Basically I wanna show that $|\mathbb R \setminus \{0\}|=|\mathbb R|$, so I need to find a bijective function $f: \mathbb R \setminus \{0\} \rightarrow \mathbb R$.
What I tried:
$\mathbb R \setminus \{0\} = (-\infty,0) \cup (0, \infty)$
And playing with that.
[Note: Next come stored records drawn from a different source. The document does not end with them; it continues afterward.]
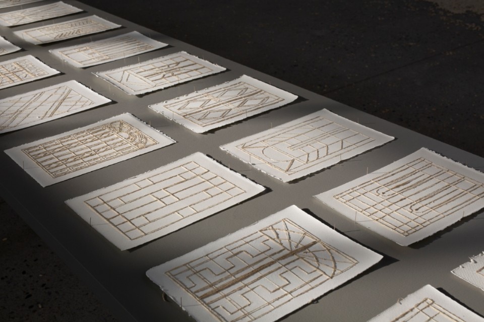 Per anni Anila ha fotografato le seconde porte dei palazzi di Milano, e ha fatto di quelle immagini il suo taccuino, i suoi appunti di viaggio. Da quelle fotografie che ritraggono porte importanti, non solo per la grandezza (ci sono porte di 7metri x 5, o di 9 x7), Anila Rubiku ha ricavato 135 disegni che poi sono diventati le tele intrecciate con fili di seta che sono esposte in mostra. In queste tele – come scrive il curatore della mostra Edi Muka – “i confini fra architettura ed emozione si fondono in delicati ricami di ricordi ed esperienze e il progetto diventa una sorta di lettera d’amore alla città, scritta non con le parole ma intessuta con fili e colori”. E’ un mondo filiforme quello di Anila Rubiku, dove design, decorazione e ricamo confluiscono in sorprendenti arazzi tessili di rara eleganza e bellezza.
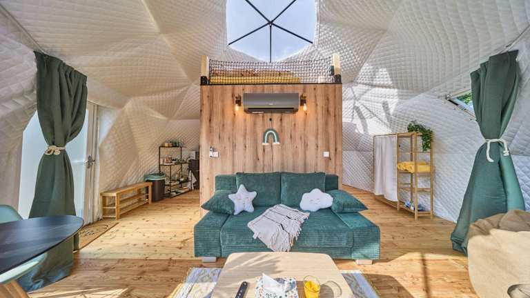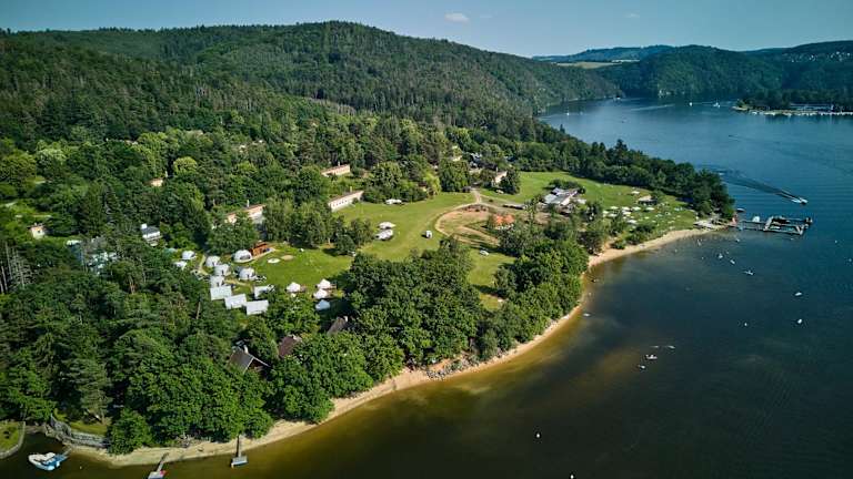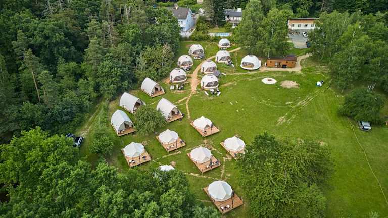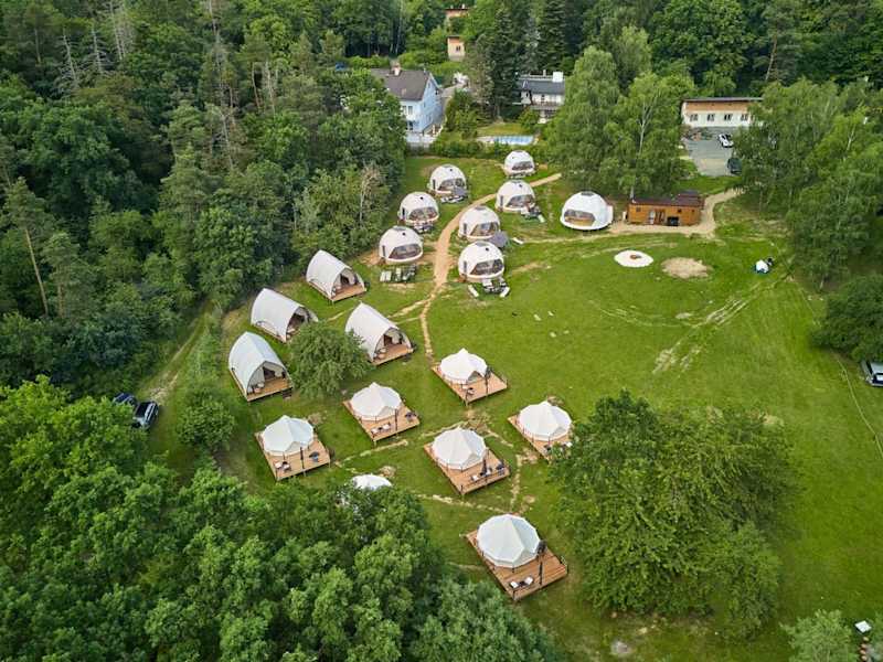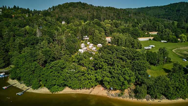 Glamping Slapy bietet moderne Wohneinheiten, die mit kostenlosem WLAN, Klimaanlage, Garten und Terrasse ausgestattet sind. Alle Unterkünfte verfügen über ein eigenes Badezimmer mit Dusche und kostenlosen Pflegeprodukten, sowie Hausschuhe.
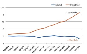 medelomsättning och medelresultat per klubb inom den danska ligahandbollen.saxat från: Idrættens Analyseinstitut
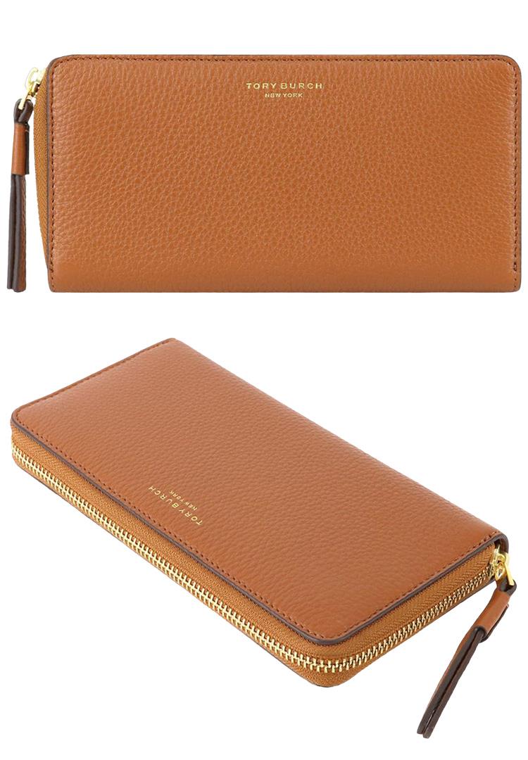 TORY BURCH 素面皮革拉鍊長夾-焦糖
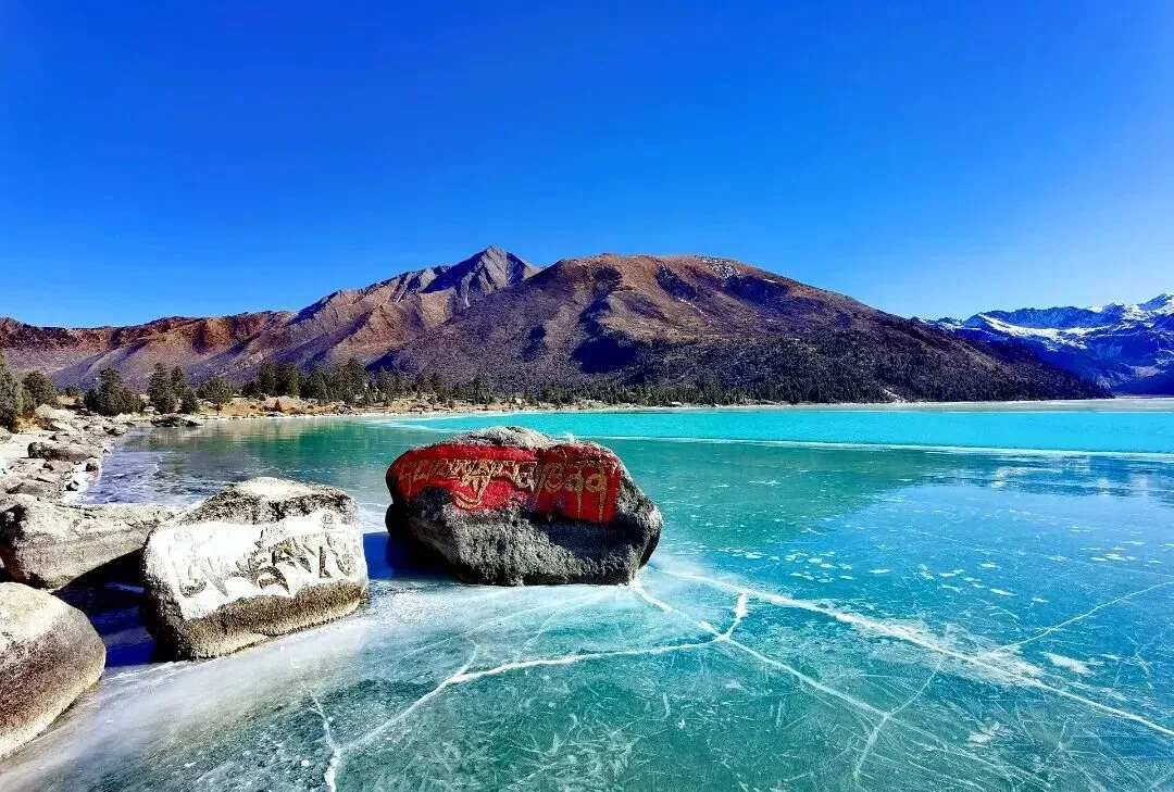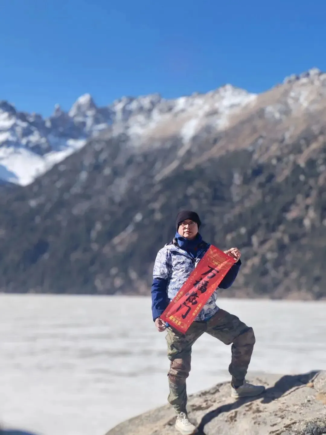 新春佳节,雀儿山群峰巍峨圣洁,玉龙拉措湖面凝结成大片澄澈蓝冰,阳光穿透冰层仿佛坠入琉璃世界。岸边古杉覆雪,风马旗在风中猎猎作响,与白塔相映成画,每一帧都是震撼人心的雪域童话。

I showed $\mathbb R \setminus \{0\} \sim (-1,0) \cup (0,1) $. What can I do to continue?
Thanks!
Try this: $$f(x)=\begin{cases} x & x\notin \mathbb{N}\\ x+1 & x\in \mathbb{N}\end{cases}$$
Note: for this function, the domain is $\mathbb{R}$, and $\mathbb{N}=\{0,1,2,3,\ldots\}$. This function is the inverse of the one sought by OP.
This is simply a well known generalization of the method proposed by vadim123 which can be used to form a bijection between any two infinite sets where one set contains one more point than the other.
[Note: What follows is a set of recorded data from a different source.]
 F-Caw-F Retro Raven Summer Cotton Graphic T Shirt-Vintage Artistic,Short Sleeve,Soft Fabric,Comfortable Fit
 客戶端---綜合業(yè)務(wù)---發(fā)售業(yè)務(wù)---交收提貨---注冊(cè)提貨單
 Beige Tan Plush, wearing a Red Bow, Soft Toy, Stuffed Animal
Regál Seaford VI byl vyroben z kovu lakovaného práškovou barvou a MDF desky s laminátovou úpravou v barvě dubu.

Let $X$ be one infinite set and $X_0 = X \backslash \{y_0\}$ the same set excluding a single point. Take any countable sequence $\{y_k\}$ of elements in $X_0$. Then we define a map
$$f : X \to X_0$$ which essentially pushes elements in $\{y_k\}$ "down the line" while inserting $x_0$ at the position occupied by $y_0$
$$f(x) = \begin{cases}y_0 & \text{if } x = x_0 \\ y_{n+1} & \text{if }x = y_n \\ x & \text{if } x \text{ is not in the sequence } \{y_k\}\end{cases}$$
Side note: Functions of this type are generally proposed as examples of non-continuous maps which which pull back open sets into non-open sets. Take $(0,1)$ into $(0,1]$.
Each has the same cardinality. Thus, each is in bijection with the corresponding cardinal number. The composition of bijection is a bijection, so the composition bijects your two sets.